**About this task**
Keep the pictures out of the copy and repeat the records exactly.

**Data provided**

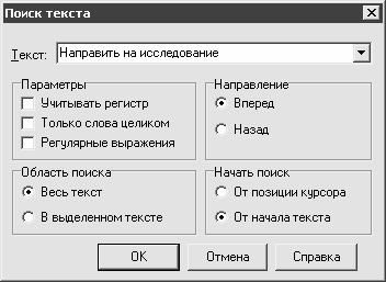 В данном окне в поле Текст следует с клавиатуры либо из раскрывающегося списка ввести текст, который необходимо найти. С помощью переключателя Направление выбирается направление поиска относительно расположения курсора: Вперед либо Назад (по умолчанию установлено значение Вперед). Следует учитывать, что, если в выделенной области Параметры установлен флажок Регулярные выражения, то переключатель Направление будет недоступным; это же относится и к флажку Только слова целиком.
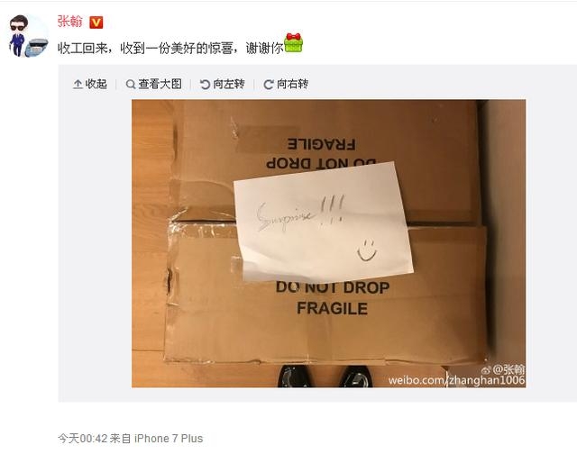 今天凌晨,张翰收工回来,收到一份意外惊喜,立刻在微博里发了出来,引来了无数粉丝的惊叹与猜想,其微博瞬间被刷爆,寂静的深夜,被粉丝们的热情所点燃!
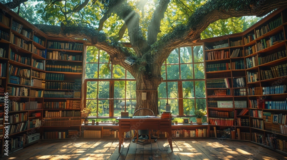 Premium Photo | A beautiful library with a large tree growing in the ...
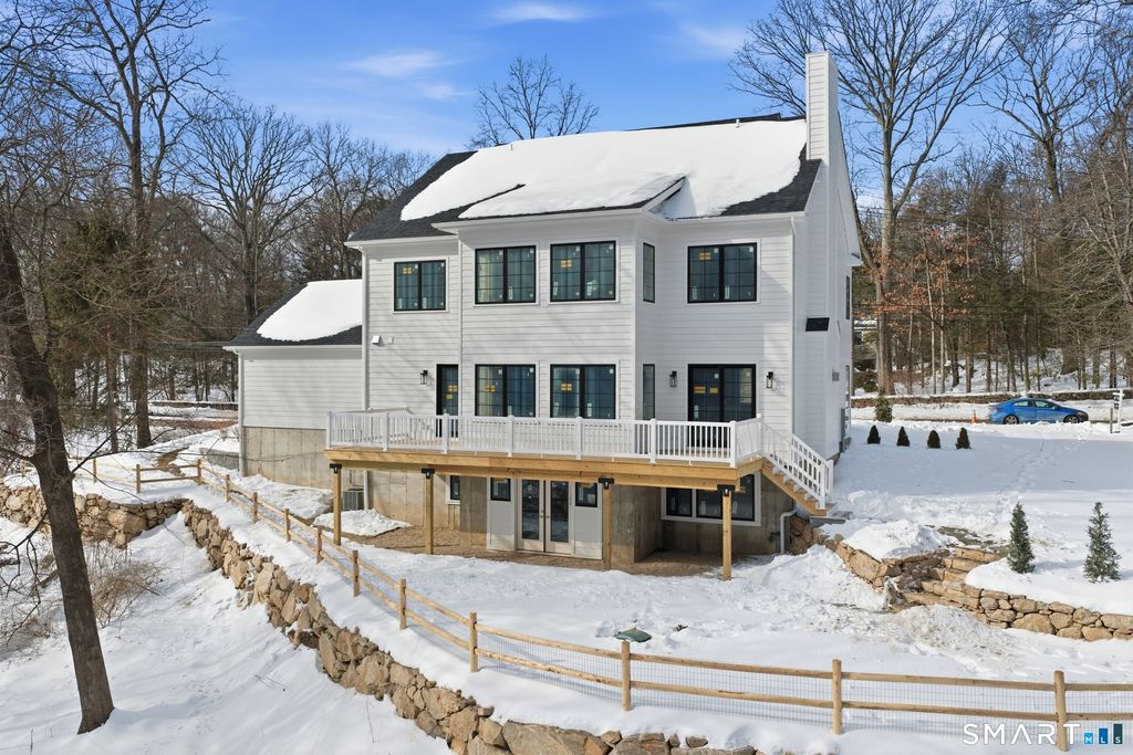 Brand-new construction at 511 Den Road offers refined modern living in a peaceful North Stamford setting on 1.09 private acres. This thoughtfully designed 4-bedroom, 3.5-bath home features an open-concept layout with hardwood floors, recessed lighting, and a striking living area centered around the fireplace, flowing seamlessly into a chef's kitchen with an oversized island, quartz countertops, custom cabinetry and a butler's pantry-ideal for effortless entertaining. Oversized Marvin windows flood the home with natural light and frame tranquil wooded views, while sliders open to a spacious deck overlooking the private backyard. The luxurious primary suite delivers a spa-like retreat with a soaking tub, double vanity, and elegant finishes. A large mudroom off the 2-car attached garage adds everyday functionality and includes an EV car charger, while a dedicated home office provides the perfect work-from-home setup. Built for comfort and efficiency, the home features spray foam insulation, Hardie board siding, central air, energy-efficient systems, and a walk-out lower level, offering the perfect balance of privacy, luxury, and convenience just minutes from nature preserves, dining, downtown Stamford, and major commuter routes.
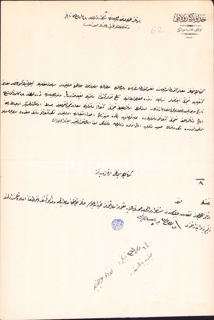 Osmanlıca Hüdâvendigâr Eyâleti [Bursa] Evkâf Muhasebeciliği antetli yazışma evrağı, 1311, 23x33 cm
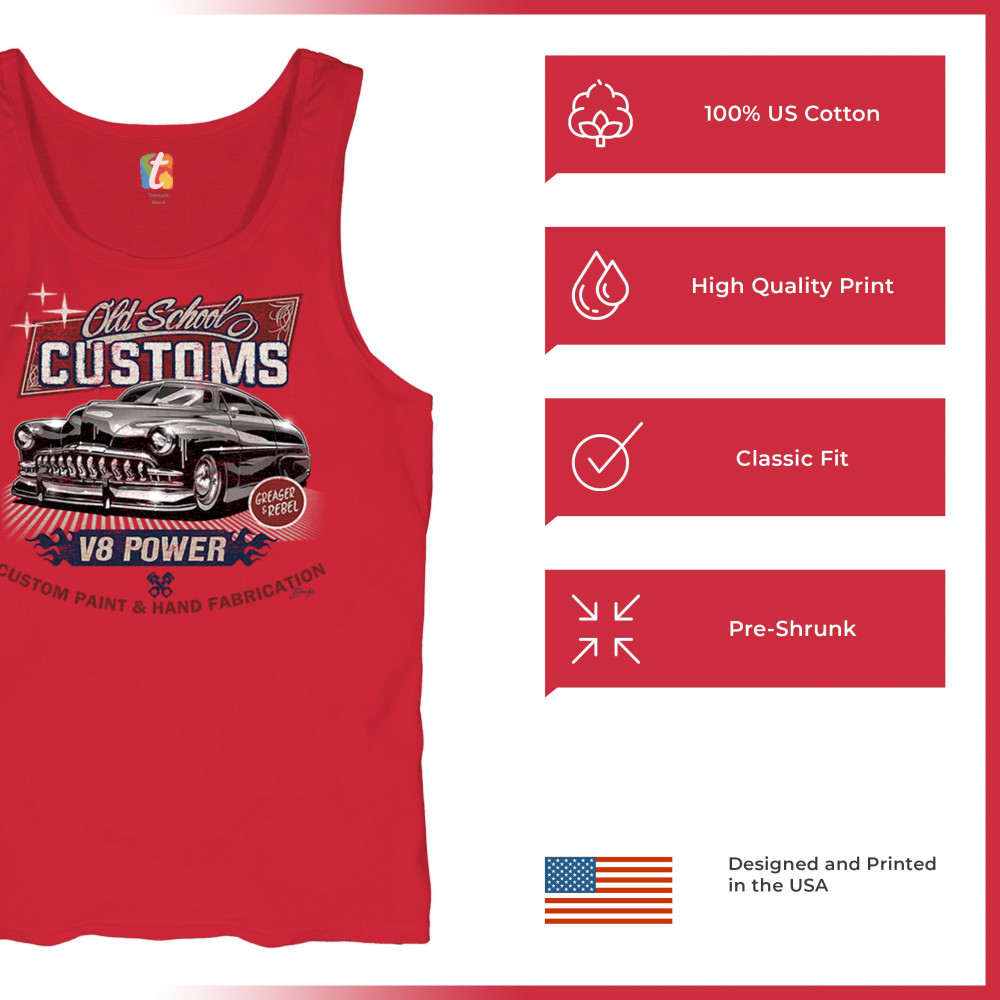 Step into the world of classic automotive culture with our "Old School Customs" t-shirt. Featuring a bold V8 power design, this shirt highlights the art of custom paint and hand fabrication. It's perfect for car enthusiasts, greasers, and rebels who appreciate the unique style of vintage rides. Made from high-quality materials, this tee offers comfort and durability, making it a great choice for car shows or casual outings. Show your love for old-school cars and stand out with this stylish and nostalgic piece. Add a touch of vintage charm to your wardrobe today.
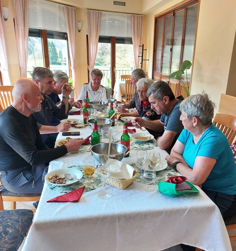 Torkova skupina 13.maja 2025 opravili smo zelo zanimivo krožno pot iz Trga Podsreda, kjer smo se pri Upravi Kozjanskega parka pozdravili z Dušanom Klenovškom, nadaljevali do Levstikovega mlina in po grajski učni poti mimo grajskega ribnika do Florijanove kapelice in na Grad Podsreda. Pot nas je vodila naprej do Osredka po cesti, potem pa smo se spustili nazaj v dolino Bistrice v Loke (delno po poti E7). Nadaljevali smo po cesti do Kolarjeve domačije v spominskem parku Trebče (brezplačen ogled), kjer na novo urejajo odsek regionalne ceste, da bodo zaščitili žabjo populacijo (EU projekt za zaščito naravnih habitatov). V nadaljevanju pa nas je pot vodila po delnem brezpotju ob potoku Sušica in na vrh romarskega svetišča Stare gore od koder pa smo se vrnili ob lepo obnovljenih kapelicah v središče Podsrede..V petih urah smo prehodili 14km, 510m nmv.
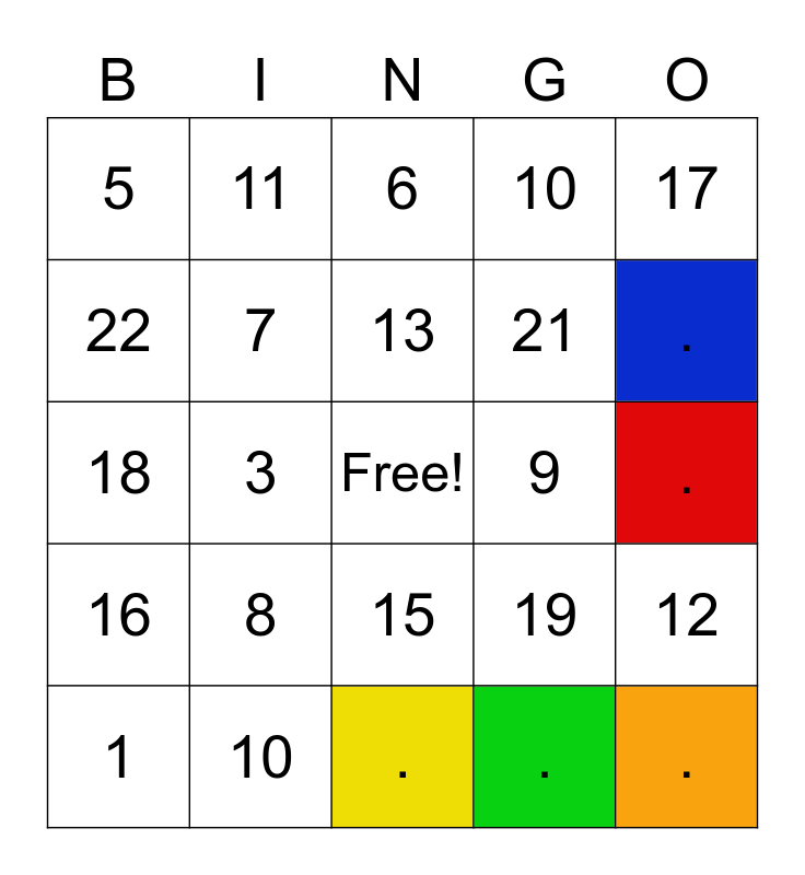 This bingo card has a free space and 29 words: 1, 2, 3, 4, 5, 6, 7, 8, 9, 10, ., ., ., ., ., ., 15, 16, 17, 18, 19, 20, 21, 22, 10, 11, 12, 13 and 14.

**Response**
 В данном окне в поле Текст следует с клавиатуры либо из раскрывающегося списка ввести текст, который необходимо найти. С помощью переключателя Направление выбирается направление поиска относительно расположения курсора: Вперед либо Назад (по умолчанию установлено значение Вперед). Следует учитывать, что, если в выделенной области Параметры установлен флажок Регулярные выражения, то переключатель Направление будет недоступным; это же относится и к флажку Только слова целиком.
 今天凌晨,张翰收工回来,收到一份意外惊喜,立刻在微博里发了出来,引来了无数粉丝的惊叹与猜想,其微博瞬间被刷爆,寂静的深夜,被粉丝们的热情所点燃!
 Premium Photo | A beautiful library with a large tree growing in the ...
 Brand-new construction at 511 Den Road offers refined modern living in a peaceful North Stamford setting on 1.09 private acres. This thoughtfully designed 4-bedroom, 3.5-bath home features an open-concept layout with hardwood floors, recessed lighting, and a striking living area centered around the fireplace, flowing seamlessly into a chef's kitchen with an oversized island, quartz countertops, custom cabinetry and a butler's pantry-ideal for effortless entertaining. Oversized Marvin windows flood the home with natural light and frame tranquil wooded views, while sliders open to a spacious deck overlooking the private backyard. The luxurious primary suite delivers a spa-like retreat with a soaking tub, double vanity, and elegant finishes. A large mudroom off the 2-car attached garage adds everyday functionality and includes an EV car charger, while a dedicated home office provides the perfect work-from-home setup. Built for comfort and efficiency, the home features spray foam insulation, Hardie board siding, central air, energy-efficient systems, and a walk-out lower level, offering the perfect balance of privacy, luxury, and convenience just minutes from nature preserves, dining, downtown Stamford, and major commuter routes.
 Osmanlıca Hüdâvendigâr Eyâleti [Bursa] Evkâf Muhasebeciliği antetli yazışma evrağı, 1311, 23x33 cm
 Step into the world of classic automotive culture with our "Old School Customs" t-shirt. Featuring a bold V8 power design, this shirt highlights the art of custom paint and hand fabrication. It's perfect for car enthusiasts, greasers, and rebels who appreciate the unique style of vintage rides. Made from high-quality materials, this tee offers comfort and durability, making it a great choice for car shows or casual outings. Show your love for old-school cars and stand out with this stylish and nostalgic piece. Add a touch of vintage charm to your wardrobe today.
 Torkova skupina 13.maja 2025 opravili smo zelo zanimivo krožno pot iz Trga Podsreda, kjer smo se pri Upravi Kozjanskega parka pozdravili z Dušanom Klenovškom, nadaljevali do Levstikovega mlina in po grajski učni poti mimo grajskega ribnika do Florijanove kapelice in na Grad Podsreda. Pot nas je vodila naprej do Osredka po cesti, potem pa smo se spustili nazaj v dolino Bistrice v Loke (delno po poti E7). Nadaljevali smo po cesti do Kolarjeve domačije v spominskem parku Trebče (brezplačen ogled), kjer na novo urejajo odsek regionalne ceste, da bodo zaščitili žabjo populacijo (EU projekt za zaščito naravnih habitatov). V nadaljevanju pa nas je pot vodila po delnem brezpotju ob potoku Sušica in na vrh romarskega svetišča Stare gore od koder pa smo se vrnili ob lepo obnovljenih kapelicah v središče Podsrede..V petih urah smo prehodili 14km, 510m nmv.
 This bingo card has a free space and 29 words: 1, 2, 3, 4, 5, 6, 7, 8, 9, 10, ., ., ., ., ., ., 15, 16, 17, 18, 19, 20, 21, 22, 10, 11, 12, 13 and 14.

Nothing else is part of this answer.